The weight of the proposal depends on whether President Donald Trump gives it any momentum, Raffat said. "It is my understanding that although [the] White House has engaged with [House Speaker Nancy] Pelosi on drug pricing initiatives, it was mostly to stay in the loop – rather than to form a joint front of sorts," he added.

As of press time, Trump had not commented on the House Democrats' plan and others in his administration also appeared to be focused on other issues.

Title II of the draft deals with what Raffat described as "recurring themes" that would continue to put pressure on the pricing of Part D drugs. That part of the bill is intended to simplify the benefit design of Part D and realign incentives to encourage more efficient management of drug spending.

The draft would eliminate the Part D coverage gap and establish a 25% cost-sharing between the annual deductible and the catastrophic threshold. It also would eliminate cost-sharing during catastrophic coverage. Additionally, Title II would reduce federal reinsurance payments, making Medicare responsible for 20%, with insurers and manufacturer being responsible for the remainder of total drug spending during catastrophic coverage. The draft doesn't specify the insurer/manufacturer split.

The provision would sunset the current coverage gap discount program in which manufacturers pay 70% of drug costs, replacing it with a new discount program in which manufacturers would provide discounts from the negotiated prices in both initial and catastrophic coverage. The discounted prices would be provided at the point of sale.

Inflation rebate

Title III of the bill would subject all Part B and D drugs to a new inflation rebate, using 2016 as the base year. Manufacturers that have increased the price of their drugs above the rate of inflation since 2016 would have to lower the price or rebate the difference to the U.S. Treasury.

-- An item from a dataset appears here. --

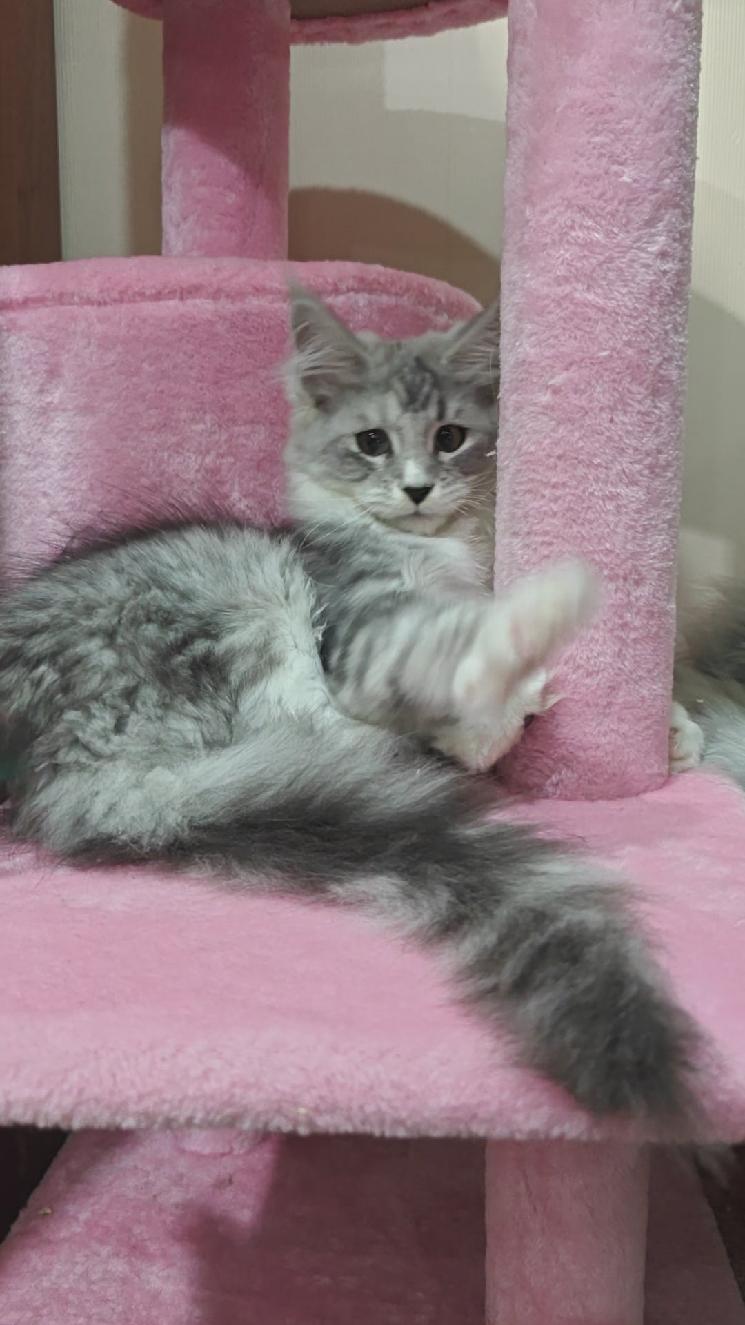 Dakota is a black silver spotted tabby Maine Coon female kitten, showcasing the breed’s distinctive large size, luxurious fur, and tufted ears. Her striking coat pattern highlights her wild ancestry, while her gentle temperament makes her an ideal companion. Perfect for those seeking a majestic yet affectionate feline, Dakota promises both beauty and personality in one exceptional pet.

"Setting the base year of inflation as 2016 would wipe out the last three years of price hikes in Medicare Part B & D, lowering prices further and for more drugs than the Senate Finance inflation rebate," according to the House summary, which referenced a rebate included in a drug pricing package that passed the Senate Finance Committee in July on a vote of 19-9. (See BioWorld, July 26, 2019.)

Some of the Republican senators who voted against the Finance bill specifically opposed the inflation rebate. In offering an amendment to remove the provision from the bill, Sen. Patrick Toomey (R-Pa.) called the rebate, which also would apply to Part B drugs, a "sledgehammer of a universal price control imported from Medicaid."

Sen. James Lankford (R-Okla.) raised another concern about the perverse impact an inflationary rebate could have. Currently, not every drug gets a price increase. "If we put a cap, every drug will go up by that amount because they can," he said.

The Pharmaceutical Research and Manufacturers of America criticized the Senate inflation rebate for another reason, noting that rebates paid to the government do nothing to lower drug costs for patients.

Although most of the Republicans on the Senate committee supported Toomey's amendment to strike the inflation rebate from the bipartisan pricing package, a few voted against it. As a result, the amendment failed on a 14-14 tie vote, signaling that there might be enough support to get such a rebate passed in the Republican-controlled Senate.